> **TASK INSTRUCTIONS**
From the very first line of the data to the line containing "L’UD CGT 29", retype everything exactly, leaving the pictures behind.

> **RAW DATA**

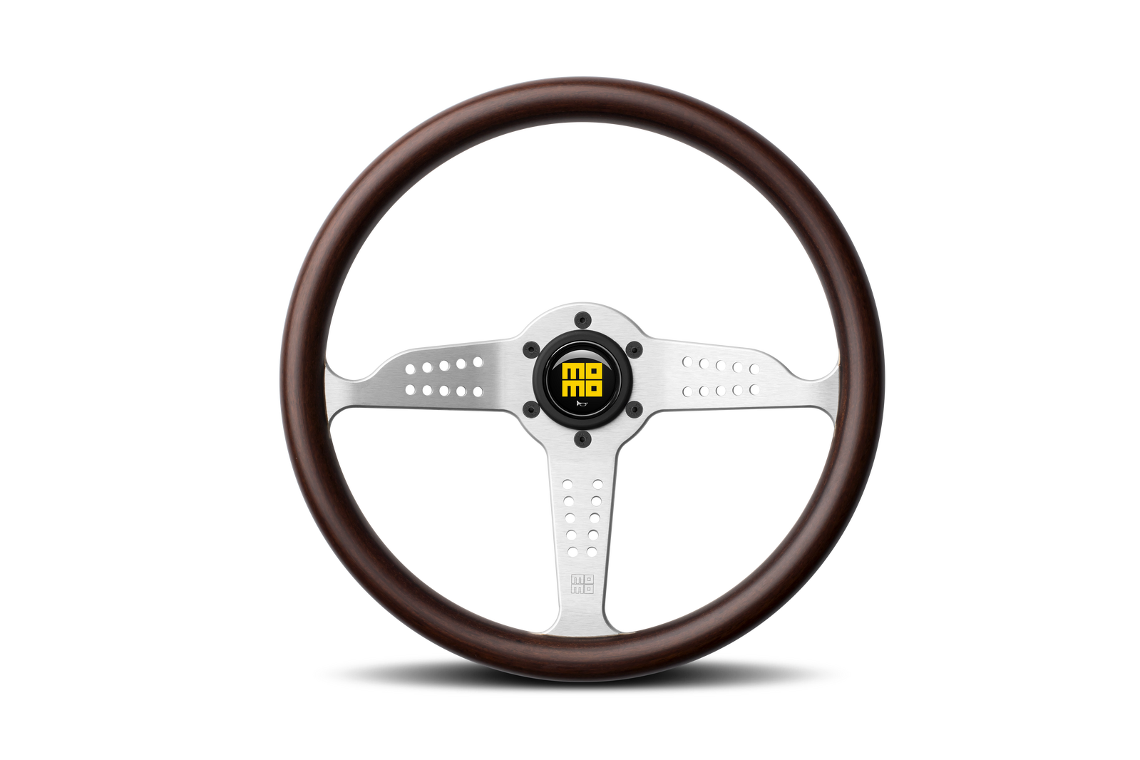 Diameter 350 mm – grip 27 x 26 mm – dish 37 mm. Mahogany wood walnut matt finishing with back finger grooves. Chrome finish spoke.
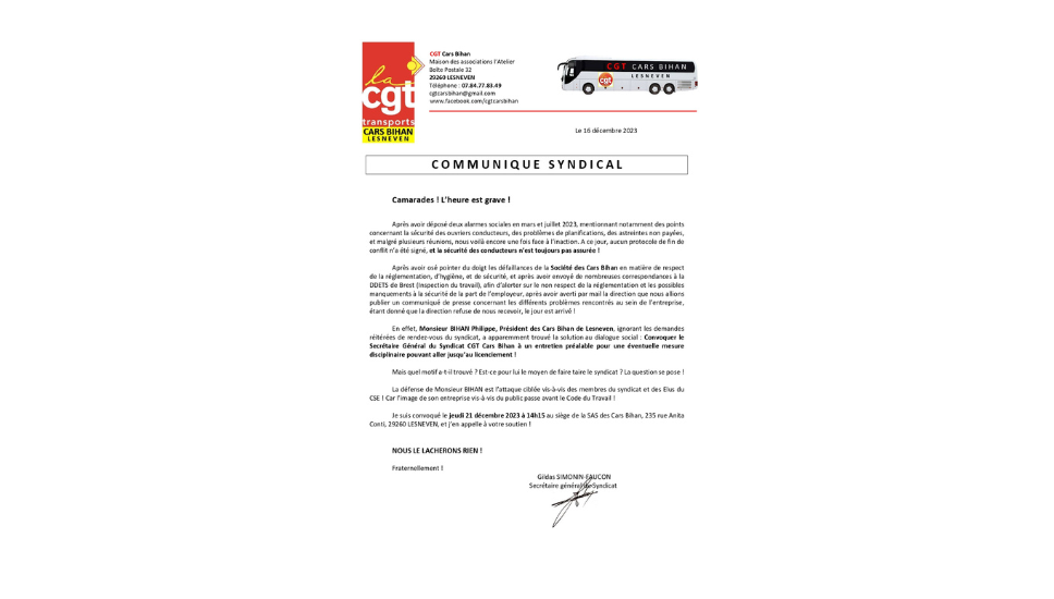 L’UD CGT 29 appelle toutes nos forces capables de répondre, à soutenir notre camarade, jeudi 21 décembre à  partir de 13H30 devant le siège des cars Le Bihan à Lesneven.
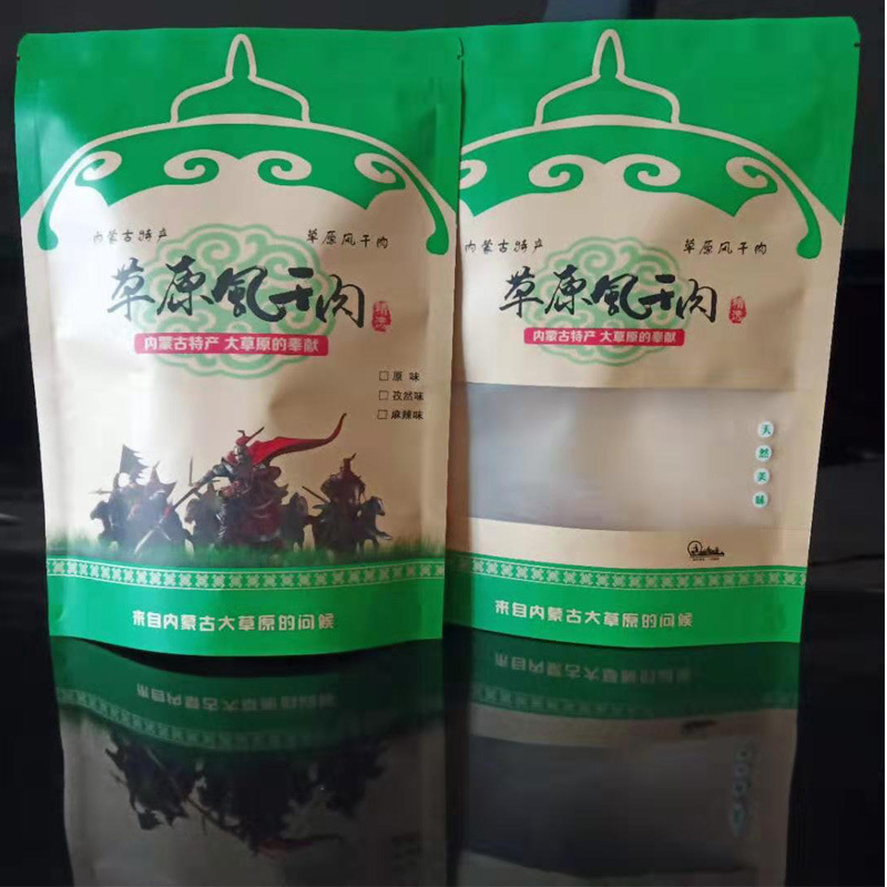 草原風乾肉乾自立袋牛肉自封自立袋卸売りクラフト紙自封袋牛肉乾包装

> **RESULT BELOW**
 Diameter 350 mm – grip 27 x 26 mm – dish 37 mm. Mahogany wood walnut matt finishing with back finger grooves. Chrome finish spoke.
 L’UD CGT 29 appelle toutes nos forces capables de répondre, à soutenir notre camarade, jeudi 21 décembre à  partir de 13H30 devant le siège des cars Le Bihan à Lesneven.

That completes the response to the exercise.